# Copyright 2016 The TensorFlow Authors. All Rights Reserved.
#
# Licensed under the Apache License, Version 2.0 (the "License");
# you may not use this file except in compliance with the License.
# You may obtain a copy of the License at
#
#     http://www.apache.org/licenses/LICENSE-2.0
#
# Unless required by applicable law or agreed to in writing, software
# distributed under the License is distributed on an "AS IS" BASIS,
# WITHOUT WARRANTIES OR CONDITIONS OF ANY KIND, either express or implied.
# See the License for the specific language governing permissions and
# limitations under the License.
# ==============================================================================
"""The Beta distribution class."""

import numpy as np

from tensorflow.python.framework import constant_op
from tensorflow.python.framework import dtypes
from tensorflow.python.framework import ops
from tensorflow.python.framework import tensor_shape
from tensorflow.python.ops import array_ops
from tensorflow.python.ops import check_ops
from tensorflow.python.ops import control_flow_ops
from tensorflow.python.ops import math_ops
from tensorflow.python.ops import nn
from tensorflow.python.ops import random_ops
from tensorflow.python.ops.distributions import distribution
from tensorflow.python.ops.distributions import kullback_leibler
from tensorflow.python.ops.distributions import util as distribution_util
from tensorflow.python.util import deprecation
from tensorflow.python.util.tf_export import tf_export


__all__ = [
    "Beta",
    "BetaWithSoftplusConcentration",
]


_beta_sample_note = """Note: `x` must have dtype `self.dtype` and be in
`[0, 1].` It must have a shape compatible with `self.batch_shape()`."""

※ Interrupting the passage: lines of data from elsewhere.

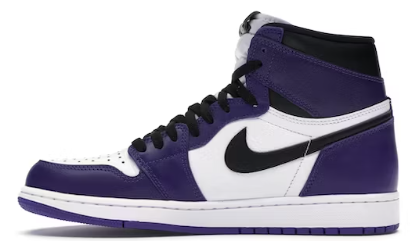 Esclusiva ed elegante, le nuove Jordan 1 Retro High Court Purple White di Jordan sono un'interpretazione raffinata delle iconiche Chicago 1. La tomaia in pelle bianca è arricchita da dettagli in tono Court Purple e nero, mentre l'intersuola bianca e la suola esterna in Court Purple completano il look.
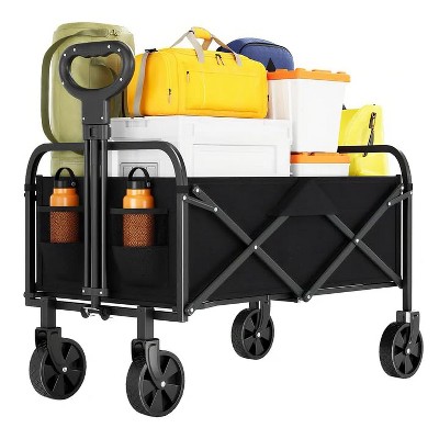 Move heavy items effortlessly with this 660lb capacity flatbed cart! Features 360° swivel wheels, foldable design, and anti-slip platform. Perfect for warehouse, moving, and storage use. Rubber-grip handle ensures comfortable operation. Quick folding for compact storage.
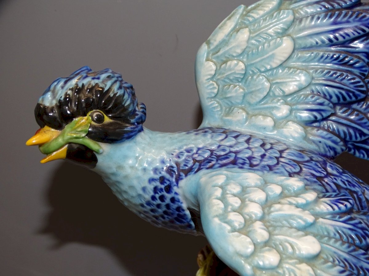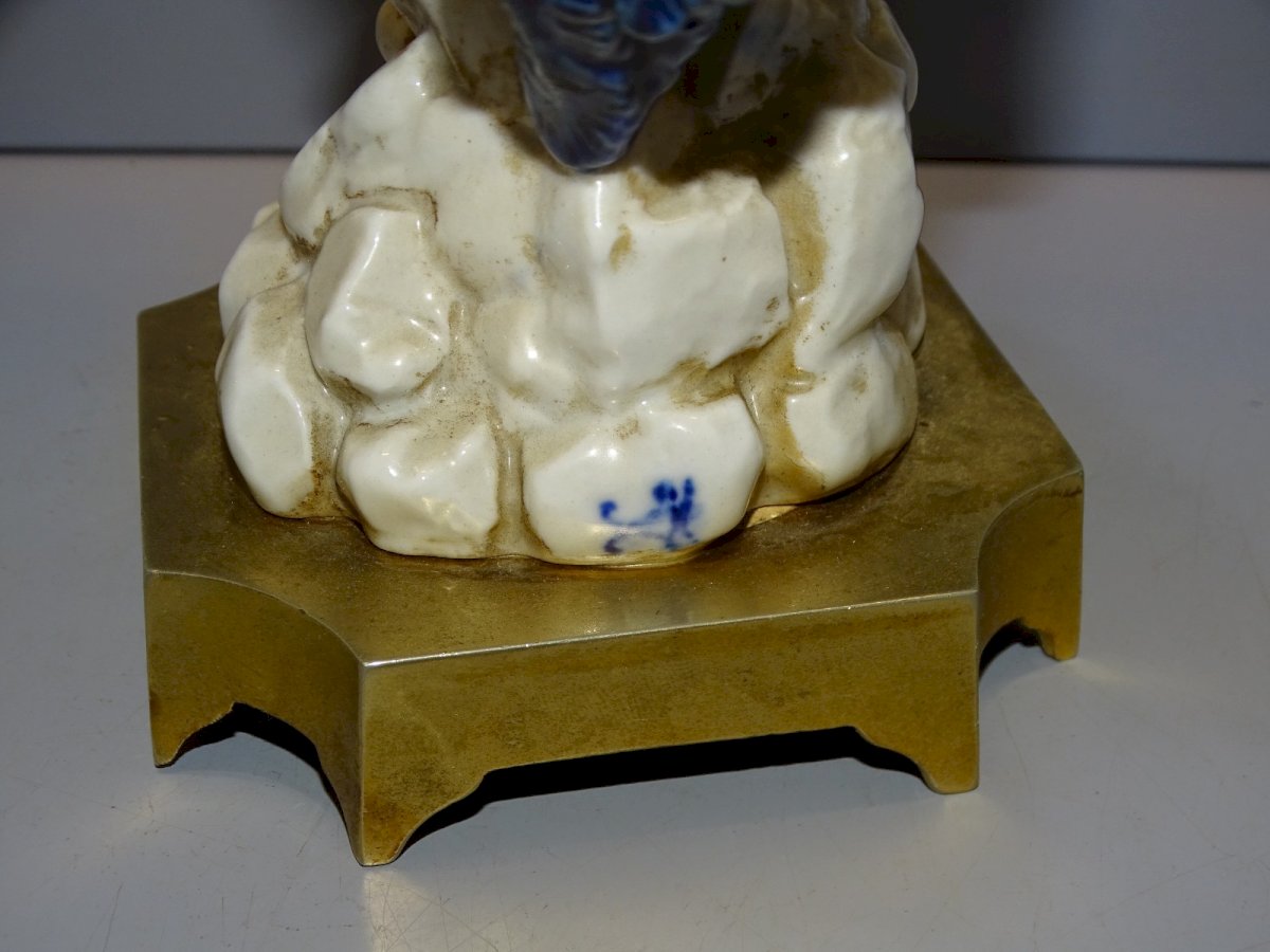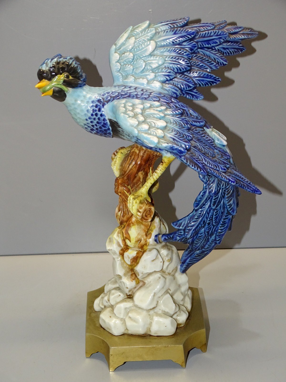 SUPERB LYRE BIRD CERAMIC ON BRASS BASE Signed Factory to be defined D

@tf_export(v1=["distributions.Beta"])
class Beta(distribution.Distribution):
  """Beta distribution.

  The Beta distribution is defined over the `(0, 1)` interval using parameters
  `concentration1` (aka "alpha") and `concentration0` (aka "beta").

  #### Mathematical Details

  The probability density function (pdf) is,

  ```none
  pdf(x; alpha, beta) = x**(alpha - 1) (1 - x)**(beta - 1) / Z
  Z = Gamma(alpha) Gamma(beta) / Gamma(alpha + beta)
  ```

  where:

  * `concentration1 = alpha`,
  * `concentration0 = beta`,
  * `Z` is the normalization constant, and,
  * `Gamma` is the [gamma function](
    https://en.wikipedia.org/wiki/Gamma_function).

  The concentration parameters represent mean total counts of a `1` or a `0`,
  i.e.,

  ```none
  concentration1 = alpha = mean * total_concentration
  concentration0 = beta  = (1. - mean) * total_concentration
  ```

  where `mean` in `(0, 1)` and `total_concentration` is a positive real number
  representing a mean `total_count = concentration1 + concentration0`.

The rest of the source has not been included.